= 2018 Americas Rugby Championship squads =

This is a list of the complete squads for the 2018 Americas Rugby Championship, an annual rugby union tournament contested by Argentina XV, Brazil, Canada, Chile, United States and Uruguay.
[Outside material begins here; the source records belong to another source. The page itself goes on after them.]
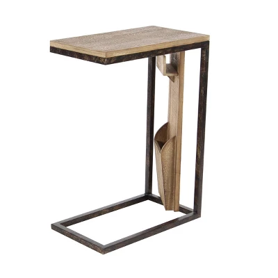 - â˘Compact side sofa table features a C-shaped structure with slender metal frames, and a modular side wooden panel with storage compartments for convenient display
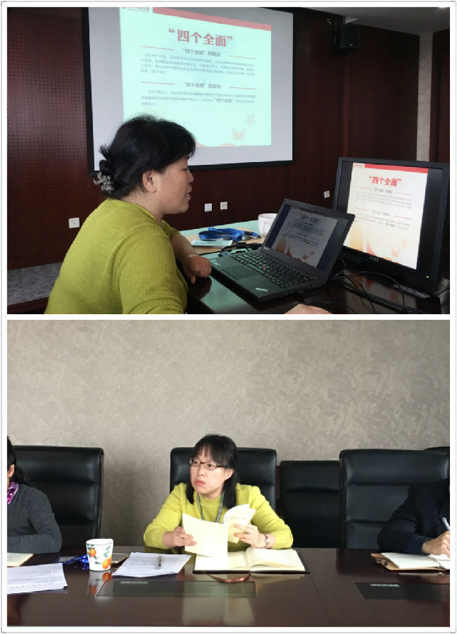 熊应进老师带领大家学习《党中央有关四个全面战略布局》和《党中央有关五大发展理念》两个主题文件。她结合下发的文件材料,首先介绍了党中央提出四个全面战略布局的内涵、发展历程、逻辑关系、价值意义。她指出,全面建成小康社会、全面深化改革、全面依法治国、全面从严治党是新一届中央领导集体治国理政的总体框架,使当前和今后一个时期,党和国家各项工作关键环节、重点领域、主攻方向更加清晰,内在逻辑更加严密,对推动改革开放和社会主义现代化建设迈上新台阶提供了强力保障。随后,她带领大家学习党中央有关五大发展理念的内涵、路径、行动部署,指出创新、协调、绿色、开放、共享的五大理念是引领中国十三五时期发展全局的五大发展理念,分别有着丰富的内涵,侧重点和主要任务,五大发展理念之间的关系也是相互联动、相辅相成的,需要用整体的观念去学习和把握。在每个理念的解读过程中,她详细指出了理念要解决的重点问题,并与开放大学的实际工作相结合,谈论了自己的看法。
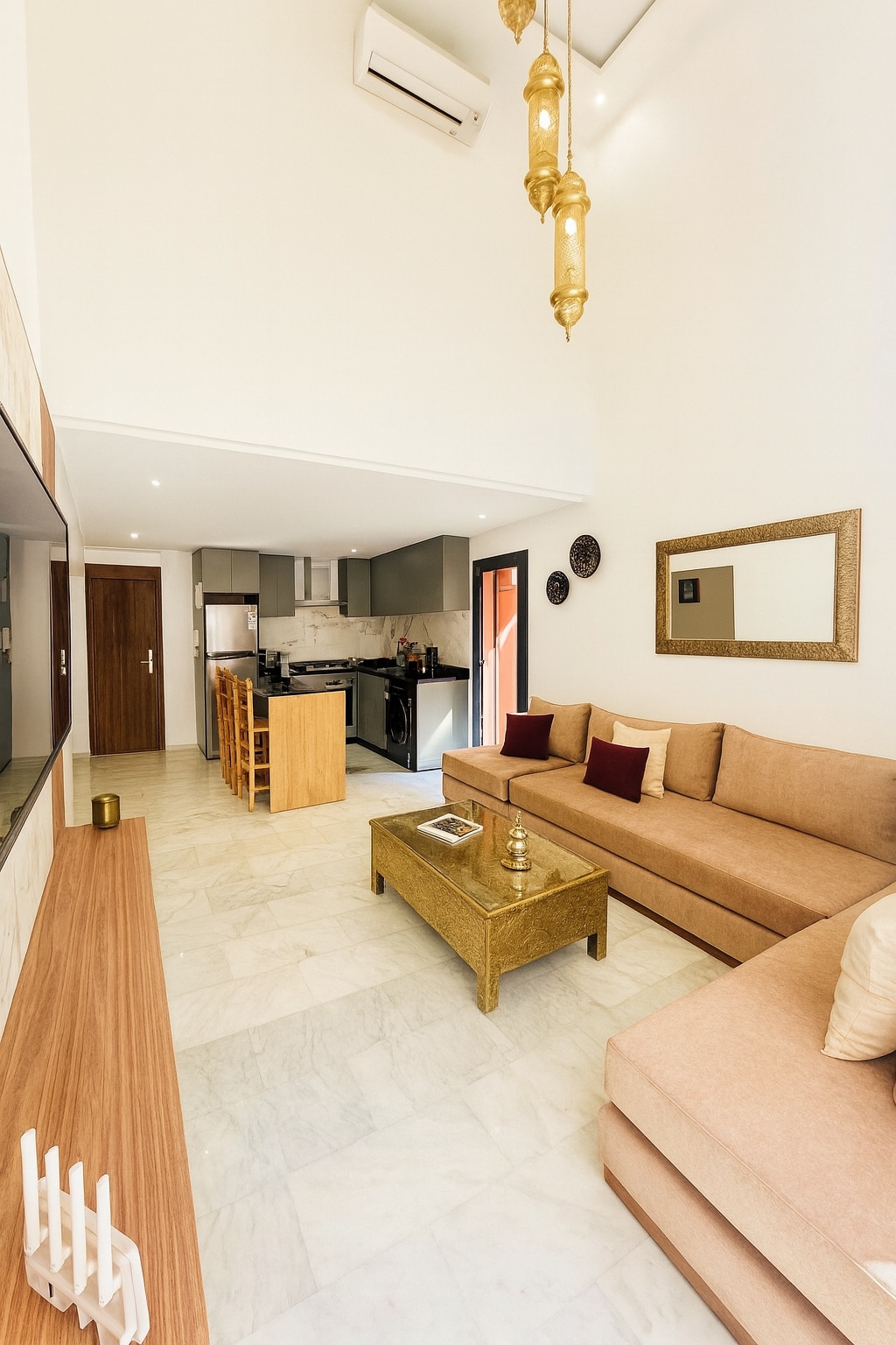 ¿Alguna vez te has imaginado emprendiendo un fascinante viaje por las vibrantes calles de Marrakech? ¡Deja de soñar y empieza a vivirlo! Este apartamento único es una joya absoluta esperando a que lo reserves. Situado al alcance de todos los maravillosos sitios y comodidades, tu estancia promete ser una experiencia encantadora. Café y té✔ gratis <3 Wifi ✔ de alta velocidad. ✔ Cama tamaño king. Lavadora ✔ gratuita. Ropa ✔ de cama de primera calidad «Beckendorff» Piscina cubierta✔ privada. ✔ Smart TV grande.
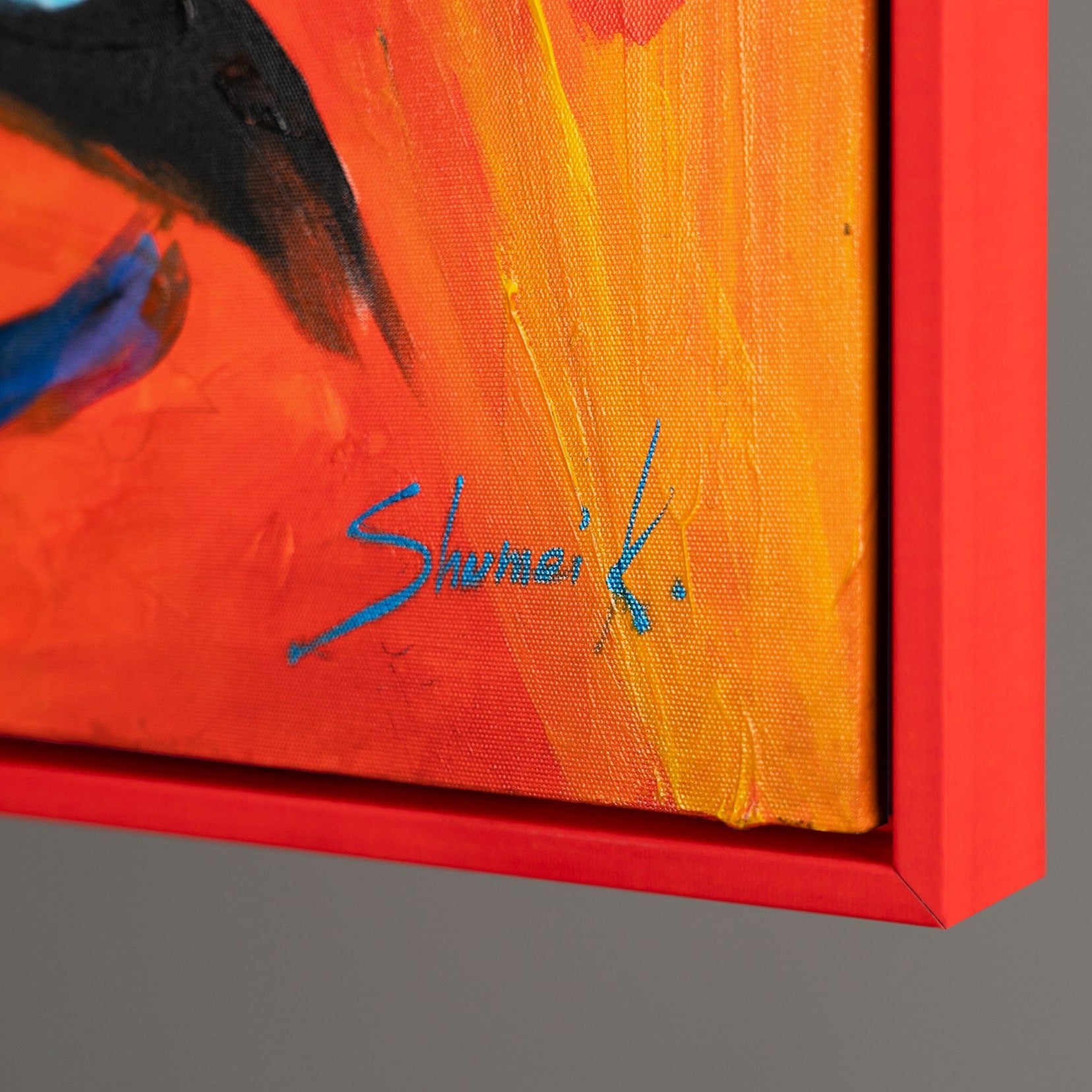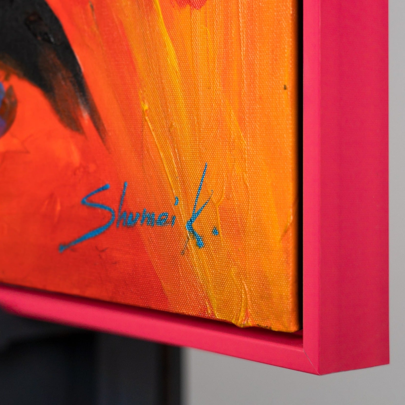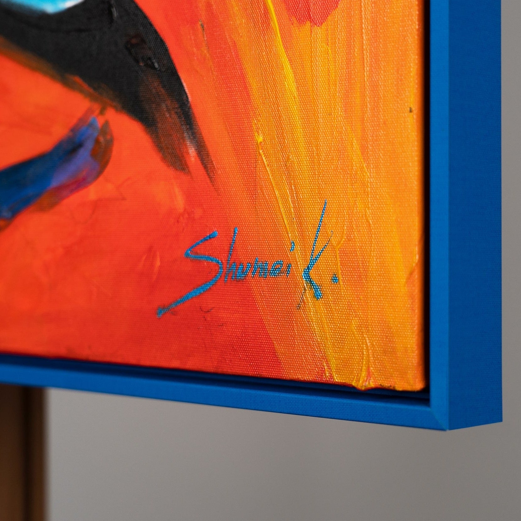 Enriquezca su hogar con esta pintura abstracta y colorida que representa las emociones y rostros de dos personas en tonos vibrantes. El cuadro destaca por sus colores intensos y pinceladas dinámicas. Está 100% pintado a mano y realzado con un elegante marco azul moderno.

Argentina XV are the defending champions.

Note: Number of caps and players' ages are indicated as of 27 January 2018 – the tournament's opening day.

==Argentina XV==
Argentina XV squad for the 2018 Americas Rugby Championship.

^{1} Following the start of the Super Rugby, Contepomi called up players as cover for their professional contingent.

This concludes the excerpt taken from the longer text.